Teens and Technology: Why Your Child Spends So Much Time Online
It’s a common sight these days to see young people glued to their smartphones, tablets, and assorted other electronic devices–and that continues to confuse and worry many parents. Why do teenagers text their friends instead of talking to them when they’re in the same room? Are they addicted to technology? How are they going to get into college if they’re always so distracted? These are just a few of the questions that the prominent social media scholar danah boyd has frequently encountered from concerned adults, and such attitudes often permeate parenting guides and journalistic accounts of teenagers’ relationships with technology. In the newly released It’s Complicated: The Social Lives of Networked Teens, boyd utilizes eight years of research and her background in technology to assess the anxieties surrounding teenagers’ use of social media. She makes a compelling case that, despite an environment of rampant fear-mongering, technology can actually empower teenagers to become informed and engaged citizens through their online interactions. boyd begins by pointing out that history is rife with examples of hand-wringing at the arrival of any new technology: when the sewing machine was invented, people feared the sexual implications of women moving their legs up and down; when the Walkman came along, it was seen as a malicious device that would cause people to stop communicating with each other. Then there were also the new genres of media such as comic books, penny arcades, and rock-and-roll music, which were believed to be gateways to hooliganism. Given this history, then, we should take such episodic moral panics with a grain of salt, boyd argues. Instead, it would benefit parents to consider their children’s underlying motivation for being tied to their iPhone 24/7: the desire for social connection.

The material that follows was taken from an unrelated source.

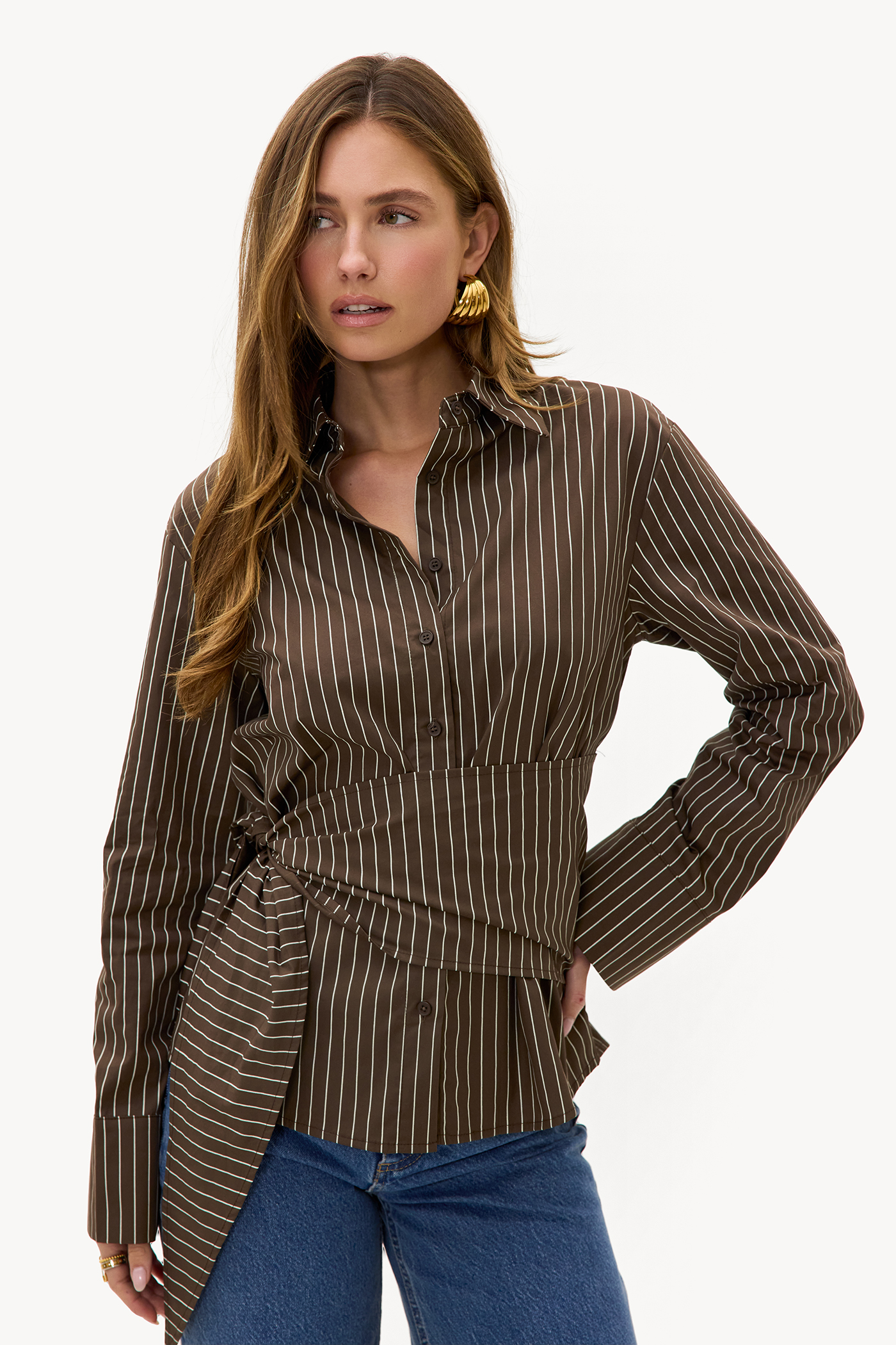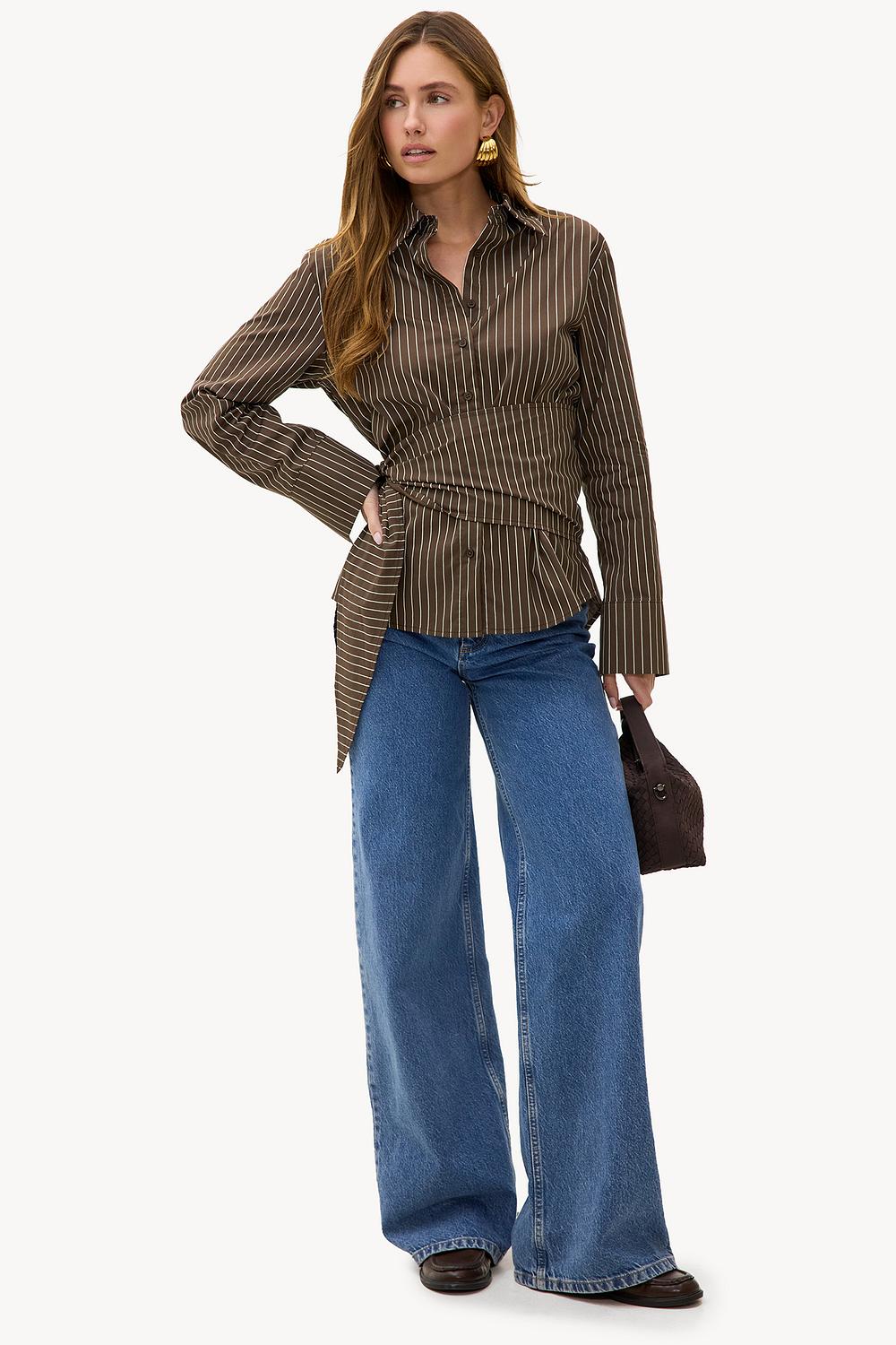 Dark brown striped blouse EUR 49.99This dark brown blouse features a classic pinstripe print and a statement tie belt that accentuates the waist. The tailored fit with button closure and long sleeves creates a sophisticated look. The 100% cotton quality ensures comfort and a luxurious appearance. Style this blouse with wide leg jeans for a chic office look.

Most teens are not compelled by gadgetry as such–they are compelled by friendship. The gadgets are interesting to them primarily as a means to a social end. Furthermore, social interactions may be a distraction from school, but they are not a distraction from learning. Keeping this basic social dynamic firmly in view makes networked teens suddenly much less worrisome and strange. […] Teens often want to be with friends on their own terms, without adult supervision, and in public. Paradoxically, the networked publics they inhabit allow them a measure of privacy and autonomy that is not possible at home where parents or siblings are often listening in. […] Although many adults think otherwise, teens’ engagement with public life through social media is not a rejection of privacy. Teens may wish to enjoy the benefits of participating in public, but they also relish intimacy and the ability to have control over their social situation.
Considered in this light, the puzzling sight of teenagers who seem surgically attached to their devices turns out not to be so strange after all: it is simply the modern manifestation of an age-old need to stay connected. It’s Complicated is full of other such insights into the lives of teenagers in a digital world, helping parents, teachers, policy-makers and journalists to understand the deeper motivations for what otherwise appears to be a shallow interaction with electronic objects. With sociological nuance and a journalistic flair, boyd unravels the complicated realities of teenage life, ultimately offering the reassuring conclusion that the kids are really quite all right.